19:14:00<SketchCow>https://docs.google.com/a/textfiles.com/spreadsheet/ccc?key=0ApQeH7pQrcBWdDZIUEVjR3d1UmRoU0lPSWZYX0Q1Ync#gid=0
19:14:00<SketchCow>OK, that's a listing of all archiveteam projects on archive.org.
19:14:00<SketchCow>1. Please see if I missed any.
19:15:00<SketchCow>(i.e. just browse through the archiveteam set to see)
19:28:00<underscor>haha, I love the item counts
19:28:00<underscor>26, 70, 29, 3956
19:35:00<chronomex>is IA down? not working for me.
19:39:00<godane>its not working for me too
19:39:00<chronomex>k
19:42:00<SmileyG>SketchCow: you missed the most famous of all - geocities.
19:45:00<joepie91>heh
19:45:00<joepie91>okay, maybe a recursive grep through my entire repository folder was a bad idea
19:46:00<alard>Geocities isn't warc.
19:46:00<underscor>IA is fucked right now
19:46:00<underscor>please leave a message after the beep
19:46:00<underscor>:D
19:46:00chronomex waits for the beep
19:46:00<underscor>boop
19:46:00SmileyG hears helicopters
19:47:00<underscor>But yeah, it's down. Once of the core boxes decided to take a dump all over everything, people are working on fixing now
19:47:00<chronomex>ok, I'm not in a hurry
19:47:00<joepie91>underscor: wat
19:47:00<joepie91>IA went down?
19:48:00<underscor>it's down right now
19:48:00<SmileyG>we broke it ¬_¬
19:48:00<underscor>lol
19:49:00<joepie91>oh wow
19:50:00<alard>Can't edit the list, but Cinch is missing. City of Heroes (two items, I think: boards and www).
19:52:00<alard>Qaudio.
20:04:00<joepie91>god I hate efnet
20:05:00<joepie91>anyway
20:05:00<joepie91>is anyone up for testing a useful script?
20:05:00<joepie91>wrote a script that takes a glob pattern, then tries to figure out (from extension) what kind of archive each file is, and prints the decompressed contents to stdout using the appropriate application, without actually unpacking it
20:05:00<joepie91>consider it a 'cat' for archives :)
20:14:00<SmileyG>so like zcat?
20:15:00<chronomex>igelritte: you know you can be in multiple channels at once, right?
20:15:00<underscor>igelritte: yeah, most of us are in both
20:16:00<chronomex>well, actually, I don't know how to do it with pidgin
20:16:00<chronomex>but I think you can
20:16:00<underscor>just /j #channel1 and /j #channel2
20:16:00<underscor>they open up as tabs
20:16:00<underscor>at least in my pidgin
20:17:00<igelritte>yeah, I didn't think about it
20:17:00<igelritte>whateve's. I'm here now
20:18:00<chronomex>k
20:19:00<igelritte>so, tell me more about your structure and how one can plug in.
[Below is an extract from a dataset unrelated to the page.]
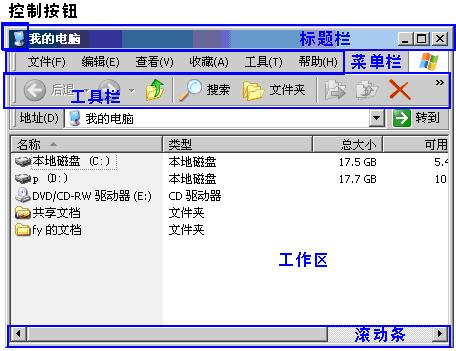 (1)窗口的組成:以“我的電腦”窗口為例。

20:21:00<igelritte>Is it some starry-eyed-open-source-free-for-all? Or is there a process wherein you tell a gatekeeper what you can do, what you're experienced with, and then they tell you where you can start helping?
20:22:00<chronomex>freeforall.
20:23:00<igelritte>I've seen Mr. Scott's presentation at Defcon on how AT is going to save your shit...which sounds good to me...but that doesn't tell me a lot about how the group is organized.
20:23:00<SmileyG>some people write code
20:23:00<SmileyG>I appear and make comments
20:23:00<SmileyG>most people run some sort of downloaders
20:23:00<SmileyG>godane is ..... well I don't know :D
20:24:00<mistym>There are often projects you can help in by running code written by others, basically volunteering your bandwidth to help out.
20:24:00<chronomex>godane is affiliated but mostly works on solo projects
20:24:00<mistym>Those are usually advertised on the wiki and IRC, plus I think there's a mailing list for it now too.
20:24:00<igelritte>Unfortunately, I'm not really in a good position at the moment to run downloaders or anything else that requires a 24 hour network connection.
20:24:00<SmileyG>If you haven't got bandwidth, then you can help with the wiki and possibly coding...
20:25:00<SmileyG>doesn't need 24hr, it'll work when you can
20:25:00<SmileyG>upto a point
20:25:00<DFJustin>joepie91: that already exists as lsar in The Unarchiver, although it's all built-in and not invoking other apps
20:25:00<igelritte>I'm following this silly dream about living in Germany which means that my current address is--shall we say--fluid.
20:25:00<DFJustin>oh wait I'm wrong nm
20:26:00<DFJustin>keep forgetting unix cat is not the same as apple II cat :)
20:26:00<igelritte>Are most people in North America?
20:26:00<chronomex>a good number but by no means all
20:26:00<SmileyG>i'm UK
20:27:00<igelritte>I got that from the presentation. Something about a kid of 15 in Australia being threatened with legal action for downloading poetry.
20:27:00<DFJustin>igelritte: jason is in the gatekeeper role more or less, or cat herder if you prefer
20:27:00<chronomex>in order probably US, UK, AU, .eu
20:27:00<igelritte>Jason seems to do a lot.
20:29:00<DFJustin>but there's a lot of empowerment if you see something to just do it yourself
20:29:00<igelritte>Well, I can definitely help with the wiki
20:30:00<igelritte>when you say, 'coding', what do you mean?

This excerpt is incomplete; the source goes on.